This CLI tool odc
and python script is meant to be used for the Oracle Audience Competition. Below are usage
instructions
This script has been tested with Python 3.5
$ git clone [email protected]:CoDataScience/oracle-audience.git
$ python setup.py install
$ odc --help
Usage: odc [OPTIONS] COMMAND [ARGS]...
Options:
--help Show this message and exit.
Commands:
sample
score
Using files in the correct input format and using the spend files provided in slack
$ odc score --help
Usage: odc score [OPTIONS] SPEND_FILE SUBMISSION_FILE
Options:
--ratio Score by computing top K using ratio instead of K=100,000
--help Show this message and exit.
$ odc score data/all_val_spend.csv vw_data/submission.csv
Below is sample output
Revenue: 10184379.730004184
Fraction of Possible Revenue: 0.6169140659646304
Number of Responders: 57033
Fraction of Possible Responders 0.5721379559407729
If you are using sampled data then the first file should only include what you want to score against
and you should use the --ratio
flag.
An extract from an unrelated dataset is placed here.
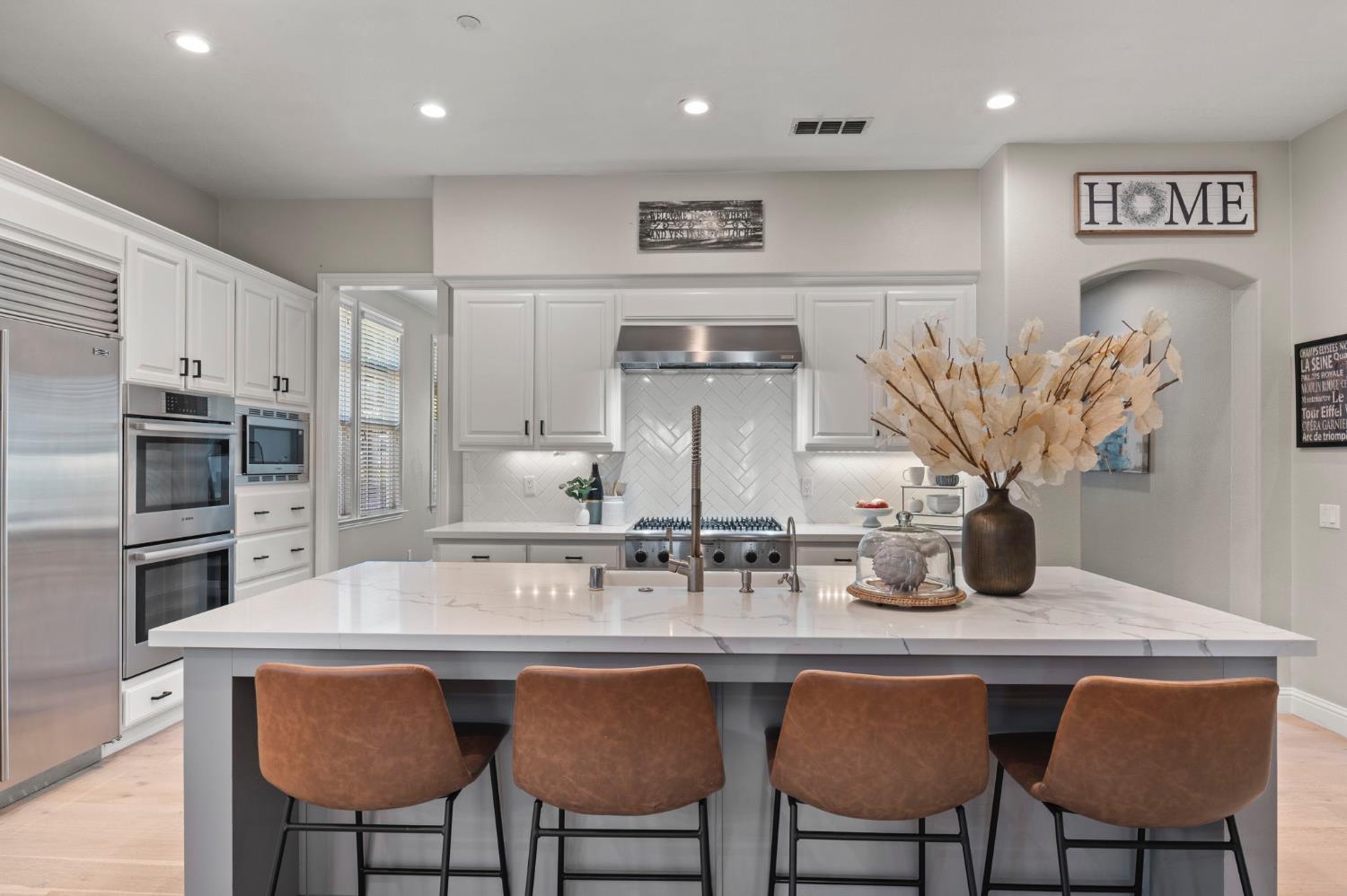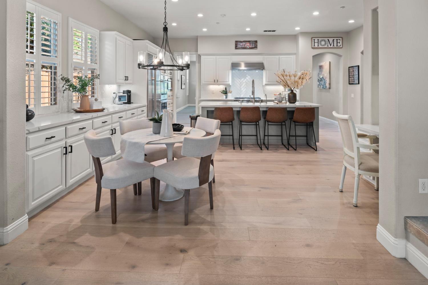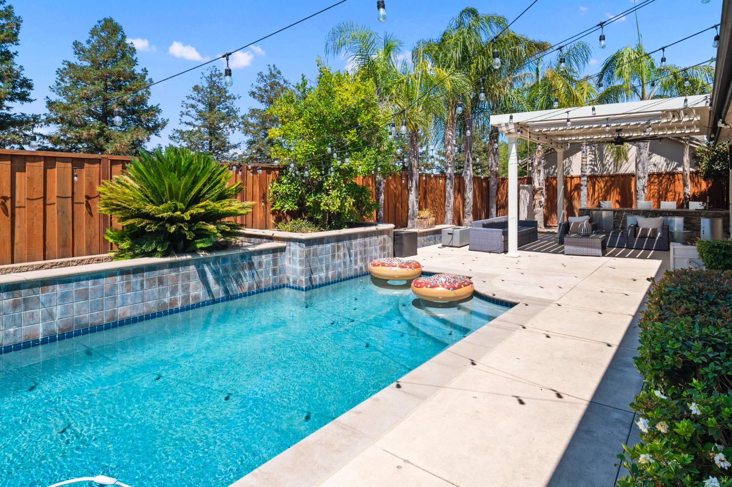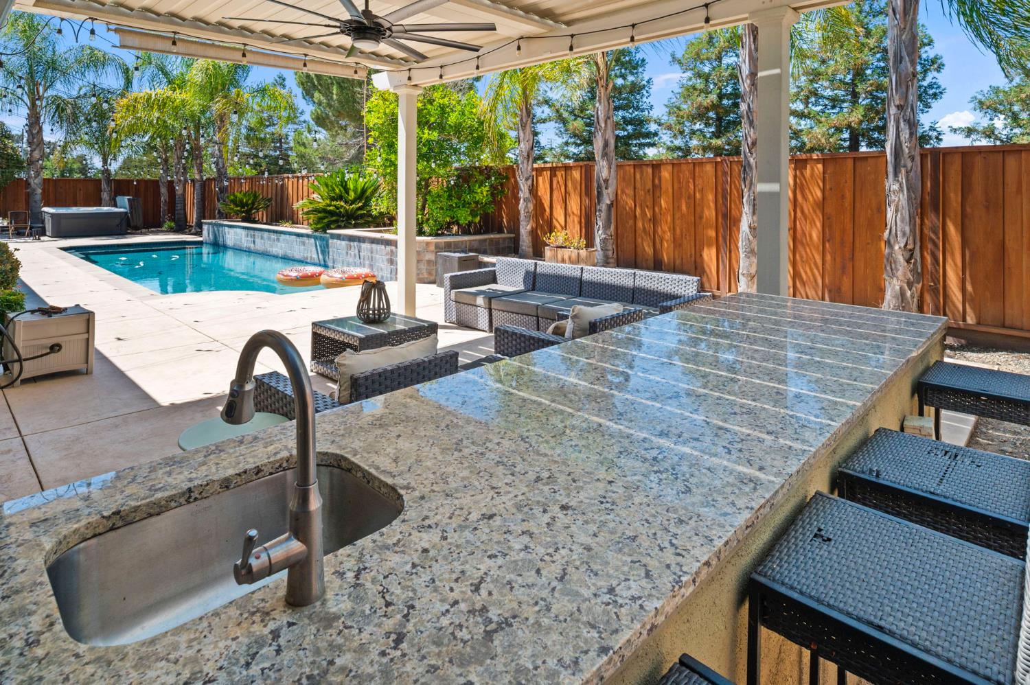 Located on a quiet cul-de-sac in one of Livermore's most desirable neighborhoods, this beautifully updated 6-bedroom, 4-bathroom home sits on a .38-acre lot with no rear neighbors. Ideal for large or multigenerational families and those who love to entertain, the home offers a versatile open-concept layout with a spacious great room, plus an additional flex room/office with kitchenette, and abundant natural light. Oak engineered hardwood flooring flows throughout, adding warmth and continuity to the stylish interior. The kitchen features quartz countertops, a luxury built-in refrigerator, ample cabinetry, and a large center island perfect for gatherings. The bathrooms and laundry room have received a thoughtful glow-up, with Italian porcelain tile and updated finishes for a clean, refreshed look. Step outside to your private backyard oasis featuring a beautifully refinished pool, equipped with an outdoor kitchen, and a large covered patio-ideal for entertaining, relaxing, or enjoying warm Livermore days. A generous driveway, RV Parking,& 3-car garage provide ample parking and storage. With tasteful updates and space to grow into, this home offers the perfect blend of comfort and function and is located in the heart of wine country. Come live the LIVERMORE DREAM!

Otherwise its expected you give exactly 100,000 advertisements
For convenience there is also a script to sample data so you can model on smaller datasets that have the correct class balance. This script was used to generate the sampled data provided and can be used as below
$ odc sample --help
Usage: odc sample [OPTIONS] N_SAMPLES INPUT_PATH OUTPUT_PATH
Options:
--seed INTEGER
--help Show this message and exit.
$ odc sample 10000 data/train data/sampled_train.txt
This will sample 10000 examples from data files that are in data/train
. The files in there can be
decompressed or still compressed in bz2 format. The script handles both.